What is the expected output? What do you see instead?

Expect transfer to complete quickly similar to the same speed when
transferring without using Honeyd. Instead I see a short burst where approx
2112 kb are transferred, followed by several shorter bursts and a long
delay at shutdown.

What version of the product are you using? On what operating system?

1.5c and SVN trunk.

Please provide any additional information below.

The systems are on the same 100mb ethernet lan. Transferring the same file
and bypassing Honeyd takes 1 second (4.9MB/s). Transferring through Honeyd
proxy takes 32 seconds at 156 KB/s.

Original issue reported on code.google.com by pkwar...@gmail.com on 4 Jun 2009 at 1:57

GoogleCodeExporter commented 8 years ago
Here is a patch that fixed the majority of the performance issues I was seeing 
with Honeyd.

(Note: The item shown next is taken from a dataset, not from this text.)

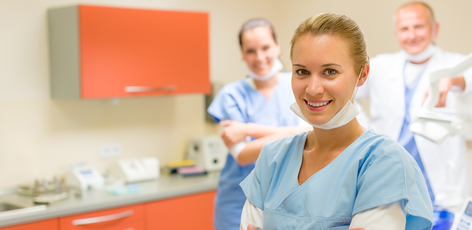 A dentist, also known as a dental surgeon, The dentist's supporting team providing oral health services.

The primary problem I found was that out of order TCP packets are 
dropped instead of buffered.

This patch makes the following changes:
- Increases the default window and TCP buffer sizes.
- Buffers out of order packets instead of dropping them.
- Responds to keep alive packets with an ACK.
- Handles TCP packet checksums set to 0xffff.
- Sets checksums on packets received on lookback device to allow Honeyd to run 
on the loopback interface.
- Allows up to 8192 byte UDP packets (from 2048).